▸ GOAL OF THE EXERCISE
Can you set down, exactly as they appear below, the lines from the opening of the material through the one bearing "Some of the", minus the pictures?
------------------------
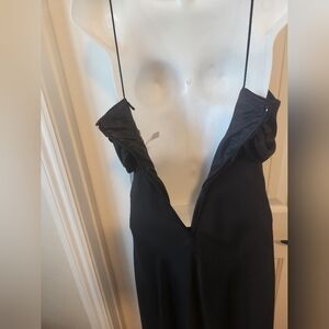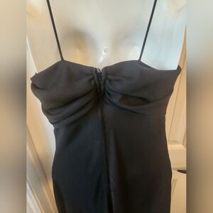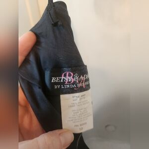 This stunning black gown by Betsy & Adam is perfect for a cocktail night out. Featuring a sophisticated cowl neck and delicate spaghetti straps, this sleeveless dress exudes elegance and style. Its sleek silhouette and smooth fabric make it a timeless choice for any special occasion.
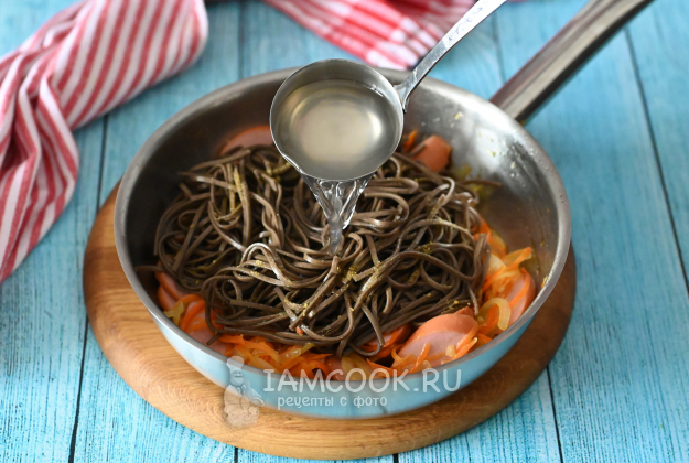 Влейте в сковороду неполный половник воды от варки лапши и всё перемешайте.
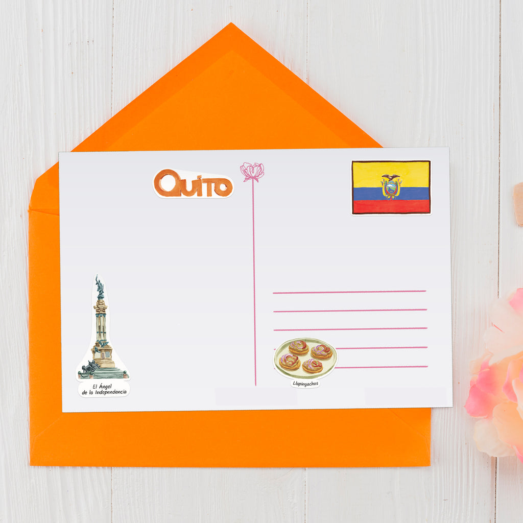 - FLAVORS OF ECUADOR. Stick on a taste of the country with watercolor icons of hornado, llapingachos, and guaguas de pan. Finished with the chuquiraga jussieui flower and Virgen de Quito stamp, this set blends cuisine, nature, and tradition.
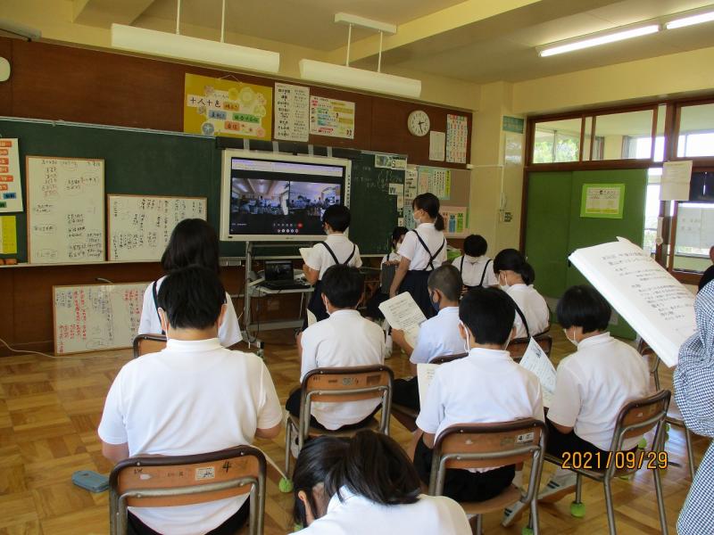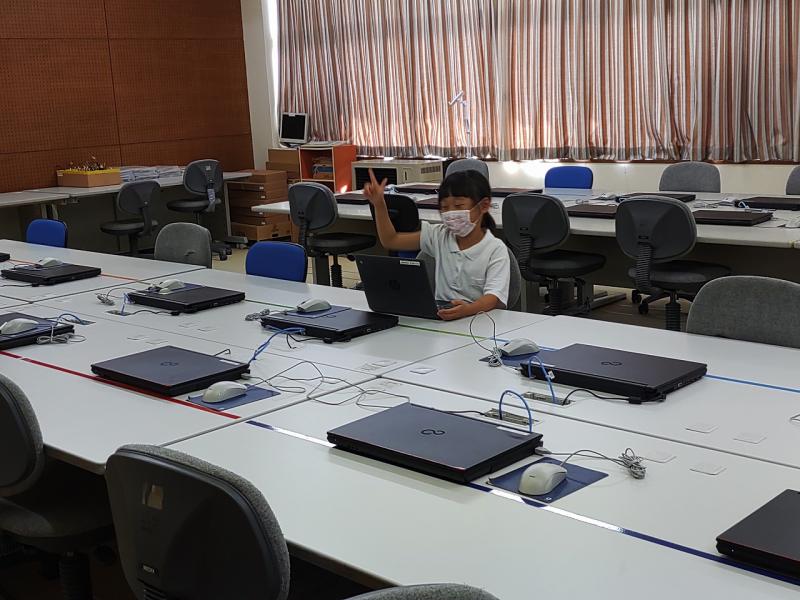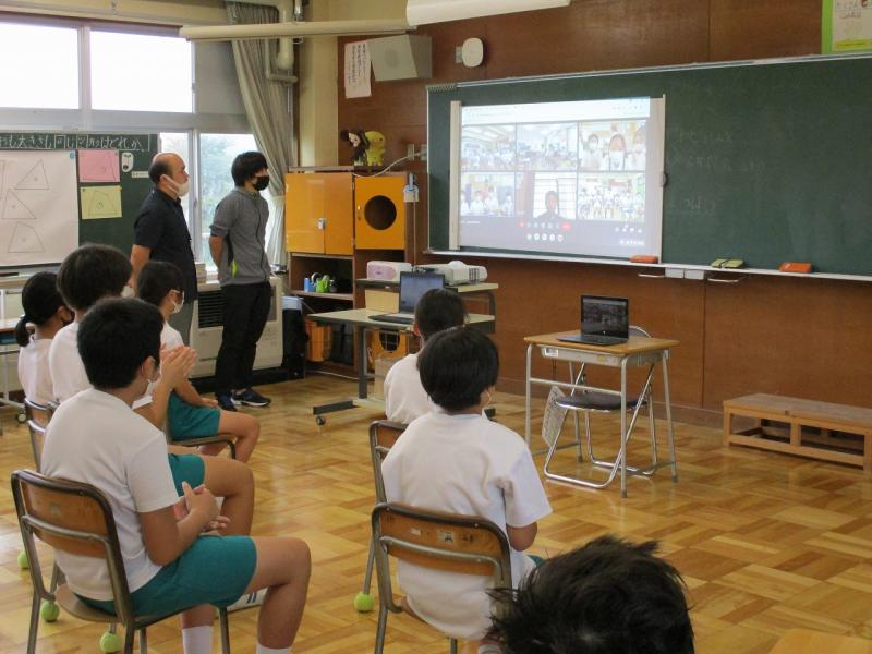 5時間目、1年生はタブレットを使い、オンラインで授業をしました。1年教室、図工室、パソコン室から職員室にいる先生と4人がバラバラの場所から会話をしたり、じゃんけんをしたり、楽しんで勉強していましたよ!
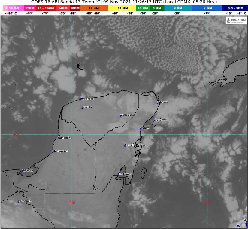 Acotó que las estaciones convencionales y automáticas del Servicio Meteorológico Nacional, reportaron que el termómetro descendió 14.2 grados en el municipio de Felipe Carrillo Puerto, la madrugada de este martes.
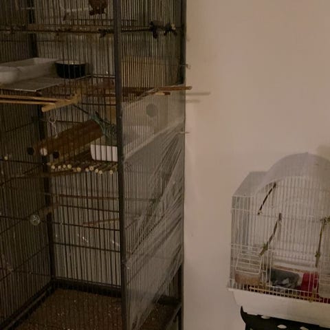 Undulater i voliere 15-16 stk til salg plus et stort indendørs bur målene står på det sidste billede
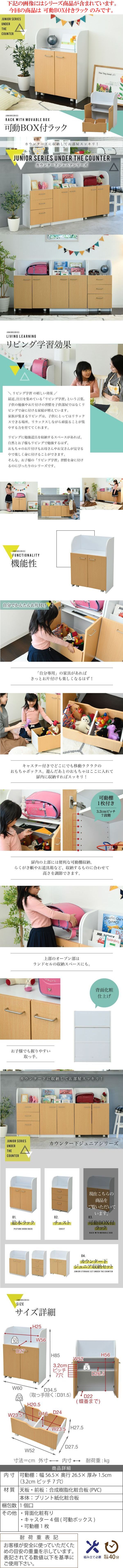カウンター下に収納できる可動ボックス付きラックです。 扉内のキャスター付きボックスに遊んだおもちゃはお片付け♪扉内に収納すれば見た目もスッキリ。 可動棚収納付きなので、スケッチブックや文房具の収納にも最適です。 |
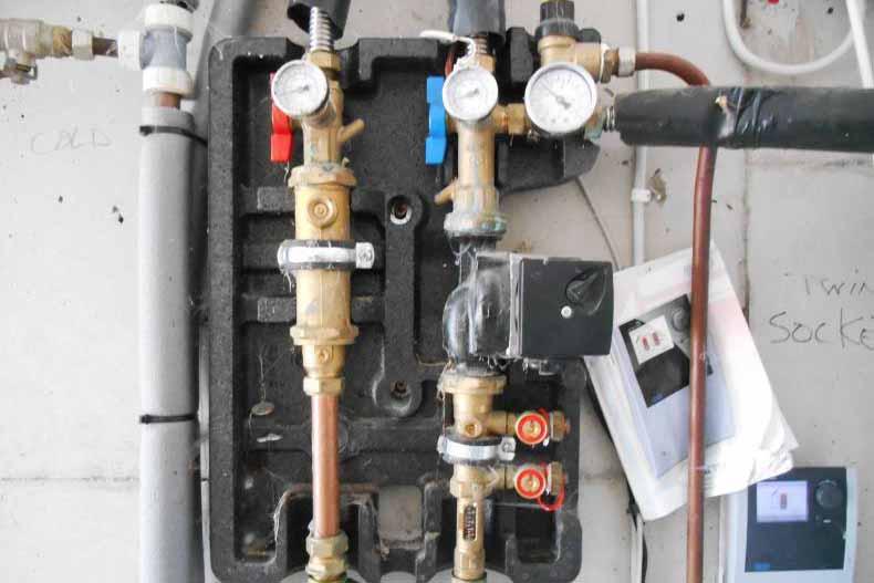 Some of the pipes coming from the tank have mixing valves installed. This enables cold water to be mixed with warm water. A thermostatic valve then regulates the temperature of the water going to the different areas.
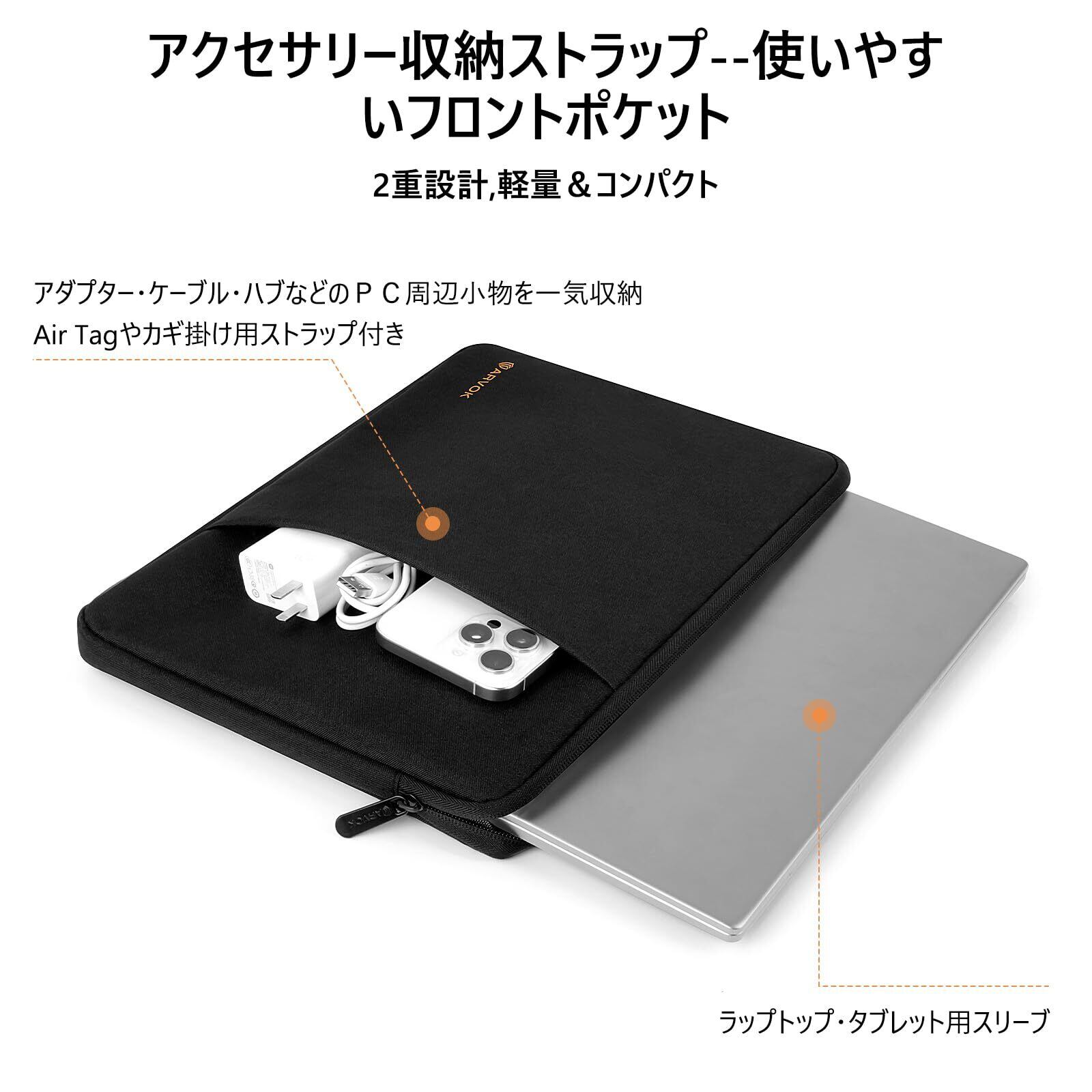 【使いやすいフロントポケット】ノートPC以外も持ち回る必需品が必ずあります。ジッパー型フロントポケットはKindle、アダプター、ケーブル、マウス、ハブ、USBメモリ、イヤホンなどのPC周辺小物を一気に収納できます。AirTagや鍵掛け用ストラップ付。この軽量でコンパクトなラップトップ保護ケースは他のショルダーバッグ、バックパックに簡単に収納できます。
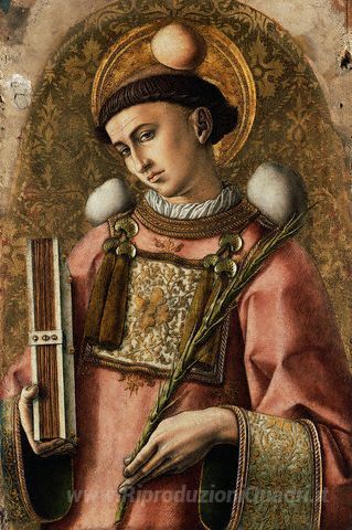 Ti offriamo una riproduzione artigianale su tela dell'opera famosa 'Raffigurazione di San Saintephen' di Carlo Crivelli, dal Museo delle Riproduzioni.
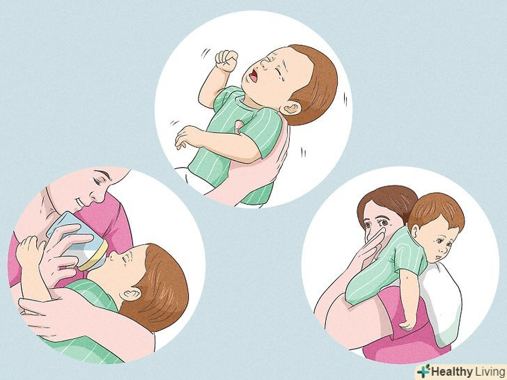 - Іноді дитина плаче тільки через повітря, що скупчився в шлунку і йому просто потрібно відригнути це повітря. Якщо ви поміняли дитині підгузник, погодували його, а він все одно плаче і ніщо не допомагає його заспокоїти, спробуйте допомогти йому відригнути.
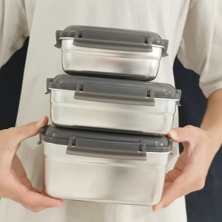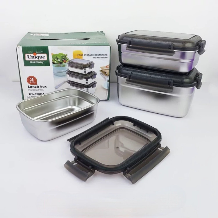 ظرف غذا استیل مستطیلی یونیک 3 سایز یک وسیله کاربردی برای نگهداری و حمل غذا است. از آنجا که متریال ساخته شده برای این ظروف از جنس استیل ضد زنگ بوده و خاصیت اصلی استیل بهداشتی و سالم نگه داشتن مواد غدایی است. به همین خاطر استفاده از لانچ باکس های استیل هم برای محل کار و هم ظرف غذای مدرسه بسیار پرطرفدار می باشد. این محصول دارای 3 قسمت با اندازه های مختلف است. بخش بزرگتر ظرف می تواند حدود 1.5 لیتر غذا را در خود جای دهد و مناسب برای خورش های مایع یا سوپ هاست. بخش متوسط ظرف می تواند حدود 950 میلی لیتر غذا را در خود جای دهد و مناسب برای سالاد ها یا خوراک های خشک است. بخش کوچکتر ظرف می تواند حدود 600 میلی لیتر غذا را در خود جای دهد و مناسب برای میوه ها یا دسر هاست. این ظرف دارای درب های محکم و بسته بندی هوشمند است که جلوی نشت یا ریختن غذا را می گیرد. این ظرف همچنین قابل شستشو در ماشین ظرفشویی است و دارای عایق حرارتی است که غذا را تا چند ساعت گرم نگه می دارد.
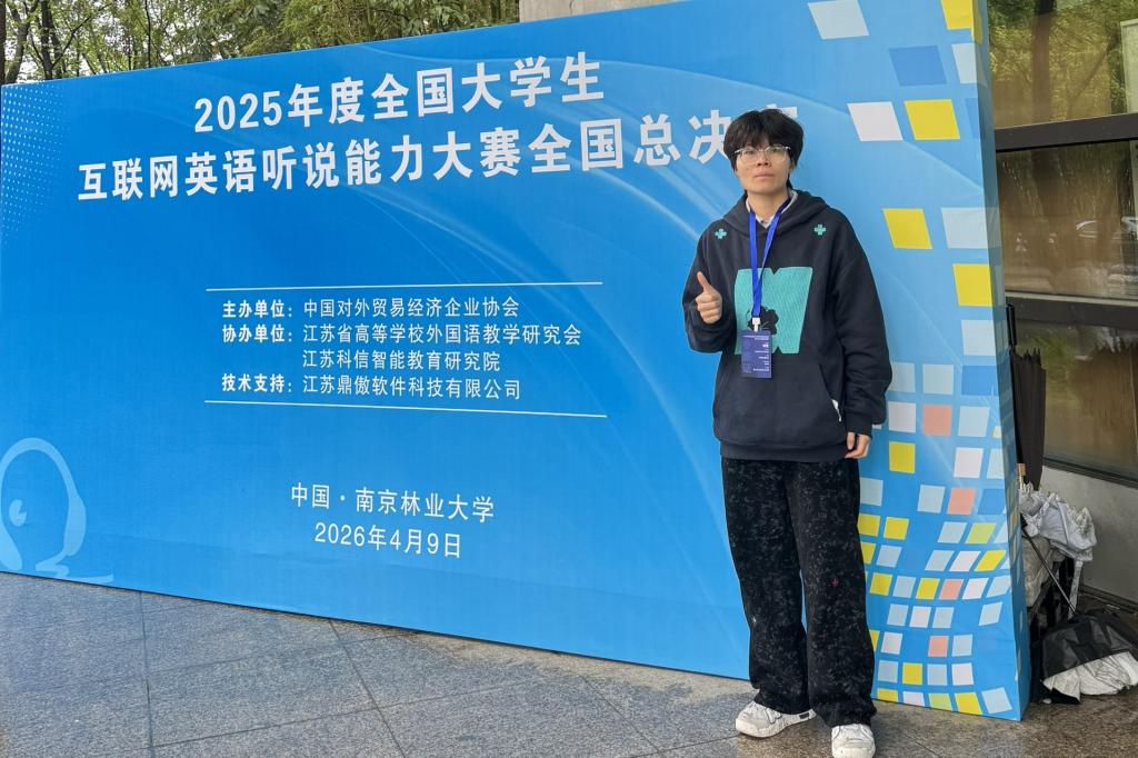 4月8日至9日,2025年全国大学生创新发明大赛互联网英语视听说挑战赛全国总决赛在南京林业大学举行。点点官网外国语学院翻译专业231班傅佳荣获本科组全国总决赛二等奖。
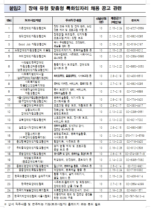 서울시, ‘2024년 장애유형 맞춤형 특화일자리’ 참여자 250명 모집
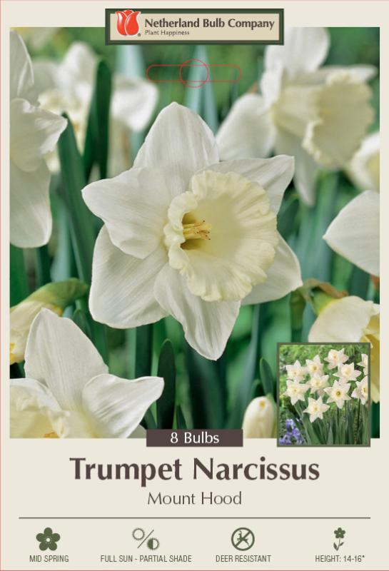 Trumpet Daffodils are known for their traditional daffodil shape; a large flower on one stem with an exceptionally long, large trumpet. Daffodils are easy to grow in well-drained soil in full sun to partial shade and are well known to be deer resistant.
------------------------
▸ OUTPUT OF THE TASK
 This stunning black gown by Betsy & Adam is perfect for a cocktail night out. Featuring a sophisticated cowl neck and delicate spaghetti straps, this sleeveless dress exudes elegance and style. Its sleek silhouette and smooth fabric make it a timeless choice for any special occasion.
 Влейте в сковороду неполный половник воды от варки лапши и всё перемешайте.
 - FLAVORS OF ECUADOR. Stick on a taste of the country with watercolor icons of hornado, llapingachos, and guaguas de pan. Finished with the chuquiraga jussieui flower and Virgen de Quito stamp, this set blends cuisine, nature, and tradition.
 5時間目、1年生はタブレットを使い、オンラインで授業をしました。1年教室、図工室、パソコン室から職員室にいる先生と4人がバラバラの場所から会話をしたり、じゃんけんをしたり、楽しんで勉強していましたよ!
 Acotó que las estaciones convencionales y automáticas del Servicio Meteorológico Nacional, reportaron que el termómetro descendió 14.2 grados en el municipio de Felipe Carrillo Puerto, la madrugada de este martes.
 Undulater i voliere 15-16 stk til salg plus et stort indendørs bur målene står på det sidste billede
カウンター下に収納できる可動ボックス付きラックです。 扉内のキャスター付きボックスに遊んだおもちゃはお片付け♪扉内に収納すれば見た目もスッキリ。 可動棚収納付きなので、スケッチブックや文房具の収納にも最適です。 |
 Some of the pipes coming from the tank have mixing valves installed. This enables cold water to be mixed with warm water. A thermostatic valve then regulates the temperature of the water going to the different areas.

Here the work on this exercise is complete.